Sto preparando l’ultima lezione del corso di Comunicazione pubblica dedicata a confrontare l’approccio alla comunicazione dei due governi che si sono succeduti in Italia a fine 2022, quello guidato da Mario Draghi e quello guidato da Giorgia Meloni. E ho pensato di parlarne un po’ qui oggi, con chi ha la pazienza di ascoltarmi.

Prima ancora di scalettare (cioè metter giù i punti sostanziali delle argomentazioni) mi assalgano piccoli pensieri preliminari. Che annoto all’inizio.

Il primo: per quanto il tema Meloni sia all’ordine del giorno e su tutti i media ora per ora, il tema Draghi pare più che derubricato, sradicato.
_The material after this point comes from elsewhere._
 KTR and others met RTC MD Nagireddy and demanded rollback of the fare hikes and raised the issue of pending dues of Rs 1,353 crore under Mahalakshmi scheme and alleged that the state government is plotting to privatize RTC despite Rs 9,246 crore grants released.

Fin troppo. In gran parte per la coltivazione del silenzio dello stesso Draghi a partire dal suo congedo da Palazzo Chigi. E poi forse anche per il trending topic dei giornalisti che parlano solo dell’aria che tira.
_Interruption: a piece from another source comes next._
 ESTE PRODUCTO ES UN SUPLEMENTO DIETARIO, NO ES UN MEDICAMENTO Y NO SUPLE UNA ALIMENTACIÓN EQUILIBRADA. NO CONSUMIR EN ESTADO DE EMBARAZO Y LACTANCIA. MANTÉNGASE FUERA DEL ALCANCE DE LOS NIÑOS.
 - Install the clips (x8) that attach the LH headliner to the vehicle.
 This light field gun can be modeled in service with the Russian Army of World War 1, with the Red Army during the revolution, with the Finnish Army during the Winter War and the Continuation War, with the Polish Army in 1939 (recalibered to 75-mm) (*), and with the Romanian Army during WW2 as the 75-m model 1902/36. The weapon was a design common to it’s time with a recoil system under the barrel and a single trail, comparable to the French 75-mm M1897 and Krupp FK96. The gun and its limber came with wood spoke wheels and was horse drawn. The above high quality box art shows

Il secondo: parliamo di comunicazione, cioè di rapporto diretto con i cittadini, in larga parte intermediato da quella realtà cross-mediale che con parola antica si chiama “la stampa”; ma intendiamo in realtà soprattutto la natura intima, identitaria, quella che fa pensare e parlare, di due cose molto simili (cioè due governi con gli stessi compiti) ma in questo caso molto diversi (cioè con culture e comportamenti dissimili).

Il terzo: il terzo soggetto in campo, in ombra tutte le volte che si parla di un confronto, di una dialettica, di un paragone, è di pari importanza nelle valutazioni che si dovranno fare, perché – tra ciò che sappiamo dalla demoscopia, ciò che rivelano i dati elettorali, cioè che si percepisce con un po’ di nasometria – l’opinione del popolo italiano ha un ruolo decisivo nel consacrare giudizi e stereotipi.

Innanzi tutto vorrei dare in anteprima la notizia che, su questo approccio, sta per uscire un bel libro di uno specialista di media e comunicazione, che è Guido Barlozzetti, un mio amico orvietano che i media li ha studiati, nei media ha lavorato anche e molto in video (interpretando per anni un suo personaggio per qualcosa distinto dalla sua identità più profonda) e che su questo specifico argomento scrive in modo diverso dagli analisti accademici, cioè mettendo in campo non solo declinazioni analitiche ma anche tracce del sentiment percettivo della comunicazione di massa.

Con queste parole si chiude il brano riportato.